Yes, that logo puzzles me. I mean, how is tinc like an Apache attack helicopter? Or more generally, how does it relate to warfare?


It made more sense in 1998 when tinc got its name. It refers to the Internet cabal (https://en.wikipedia.org/wiki/There_Is_No_Cabal), and three-letter agencies which would snoop your network traffic and send in unmarked vans and black helicopters if you did something they didn't like. Suggestions for a new logo are welcome!


Ah thanks for explaining this! I never knew that's what tinc stood for.

Fun fact though: In 1998 there was no worldwide traffic snooping. That only happened with the reorganisation of US and NATO intelligence after 9/11 :) But good future prediction. I do think it would have happened either way.

I just feel like tinc undermines itself with this logo. It's hard to take something seriously that doesn't take itself seriously. Even though it's an excellent project. I think something more generic like the logo on the recent android app would do (though probably a bit less generic than that!!)


How do you manage your wireguard setup? Mine breaks pretty much every time I upgrade because it depends on a kernel module. Maybe this goes away when I can upgrade to the latest kernel with native support?


Here's where we're at with WireGuard distro kernel shipping support, as of writing (July 4, 2020):

- Ubuntu Focal 20.04 LTS: native built-in

- Ubuntu Eoan 19.10: native built-in

- Ubuntu Bionic 18.04 LTS: native built-in

- Ubuntu Xenial 16.04 LTS: dkms :(

- Ubuntu Trusty 14.04 LTS: dkms :(

- Debian: native built-in

- Fedora: native built-in

- Mageia: native built-in

- Arch: native built-in

- OpenSUSE: native built-in

- SUSE Linux Enterprise: native built-in

- Alpine: native built-in

- Gentoo: native built-in

- Exherbo: native built-in

- NixOS: native built-in

- RHEL/CentOS: dkms and elrepo kmod :(

- Void: native built-in

- Adélie: native built-in

- Source Mage: native built-in

- Buildroot: native built-in

The rule of thumb here is: distros with kernel ≥ 5.6 have it native built-in, plus a few distros that have backported it, like Ubuntu, Debian, and SUSE. I'm in the process of working with other distros to get it backported; we'll see if I'm successful. I'm also maintaining a 5.4.y backport for distros who ship this LTS kernel (like Oracle's UEK), to make backporting it easier: <https://git.zx2c4.com/wireguard-linux/log/?h=backport-5.4.y>. There are instructions for each distro on <https://www.wireguard.com/install/>.

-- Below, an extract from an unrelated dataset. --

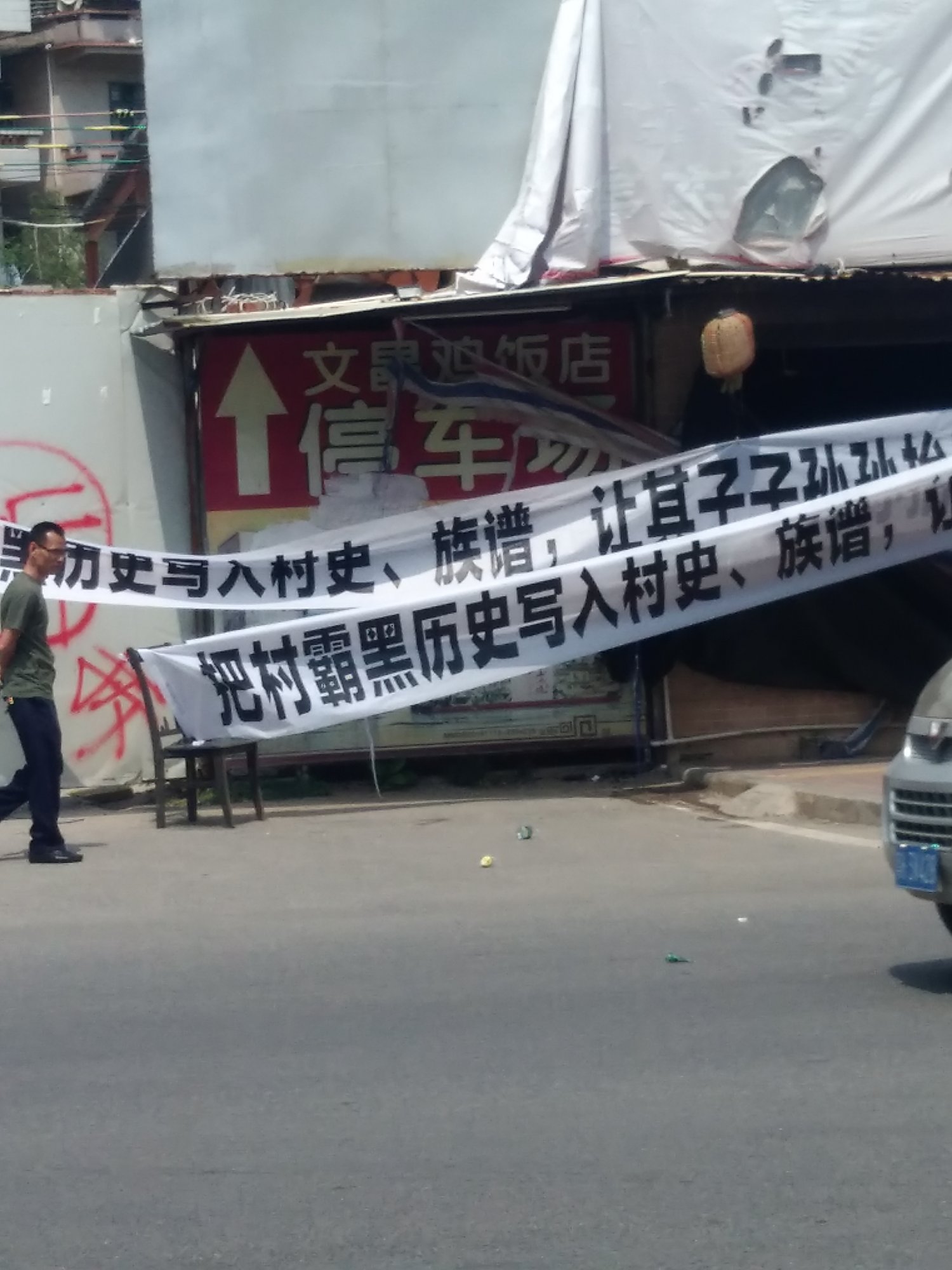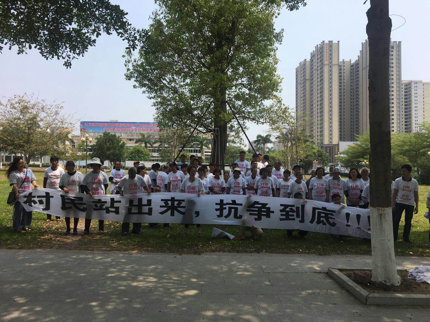 区政府承诺在3月底拆除,村民迟迟未见哪个部门有半点动静,那段时间里村委都跑烂几双鞋了吧。据说当时水东镇林涛书记对村委说是25号前拆除,村民乖乖地等啊等,盼啊盼,等到脖子长了终于等到月尾。或许大家都心中都早已有数,领导不守承诺已是家常便饭的事。每次都跟哄小孩一样,调皮了就给颗糖你尝尝甜头。只会拖字诀愚民对策,当然能拖到换届就是最好的。迫于无奈,村民准备再次到厂前路抗议,可这天上午就有派出所人员来到了村中,看来风声传的挺猛,早早派人来保护村民真是用心良苦。村民们像往常一样过去宅基地处拉横幅抗议,个别警察在周围巡视护航,有人拍到领导都在百米开外的马路对面,难怪迟迟未见他们出现,是心虚还是肾虚众人不得而知。

If you're presently having "update troubles", make sure you're using the latest variant of any of the "native built-in" distros written above.


Also for Linux routers, OpenWRT ships a kmod package: https://openwrt.org/packages/pkgdata/kmod-wireguard


Debian: Still dkms for mainline stable repo (Debian 10 buster) as it's on 4.x kernels. For native built-in you need to go with bullseye (Debian testing) or get a newer kernel through some other means.


I hope FreeBSD gets it soon too. I know they're working on it.


Already in ports:

https://www.freshports.org/net/wireguard/

Work for in-kernel are in full swing.


If you're using distribution packages for WireGuard (whether they're in the official repos or not), they should be rebuilt with each kernel upgrade and so you shouldn't be having any issues with stability. But yes, if you upgrade to a kernel where WireGuard is part of the main kernel package (even if it's backported by your distribution) then you wouldn't have those issues either.


I’m in a heterogeneous setup so it’s a mix of dkms, Linux kernel built-in, and the go userspace daemon depending on OS/Vendor.

For Linux with kernel module, I’ve had the best luck using Arch and dkms.